A package of gun control bills submitted by City Councilman Darrell Clarke will apparently not come up for a vote tomorrow during Council's weekly session. Clarke last week said that the city Law Department was reviewing the proposed legislation, which was approved by Council's Committee on Public Safety. The legislation, which could have come up for a final vote by Council tomorrow, is being amended today and then held.
The legislation would limit handgun purchases to one a month, require owners to report lost or stolen guns to police, allow police to confiscate guns from people considered a risk to themselves or others, require a license from police to bring a gun into the city, ban semiautomatic weapons with clips that hold more than 10 rounds and establish a registry for ammunition sales.
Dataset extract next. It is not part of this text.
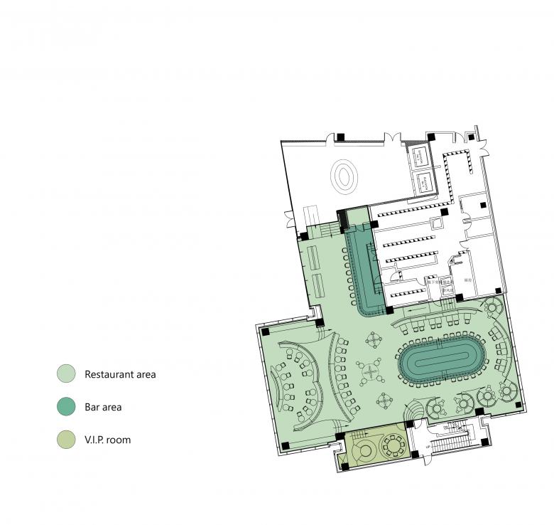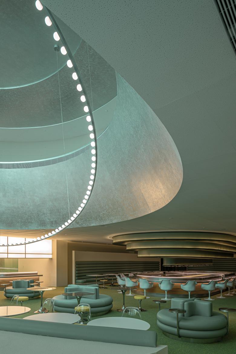 The ring "floating" in the atrium runs through the lower and upper areas. From the atrium to water bar, restaurant area, bar area as well as semi-open and private sections, the space is laid out based on different functions and degrees of privacy. With a smooth circulation, the entire space is able to accommodate 200 people for dining, relaxing and socializing. Various Associates incorporated the ideas of "waiting hall" and "countdown" into spatial scenes that rewind time, while also bringing in stories and creating spatial rhythms.

Council passed the same legislation last year but it was not enforced because it called for matching state legislation. Clarke sued the state after that legislation never happened. The state is now seeking to have that lawsuit dismissed, arguing that only the General Assembly has the power to regulate guns in Pennsylvania. A 1996 ruling by the state Supreme Court upheld that argument.
The state House yesterday voted down 128-75 legislation that would have required handgun owners across the state to report lost or stolen guns to law enforcement agencies within 72 hours of learning that the weapon was missing.
Ultimately, Clarke's legislation is designed to provoke a Constitutional fight with the state that could lead to a re-hearing of the Supreme Court's 1996 decision on gun regulation.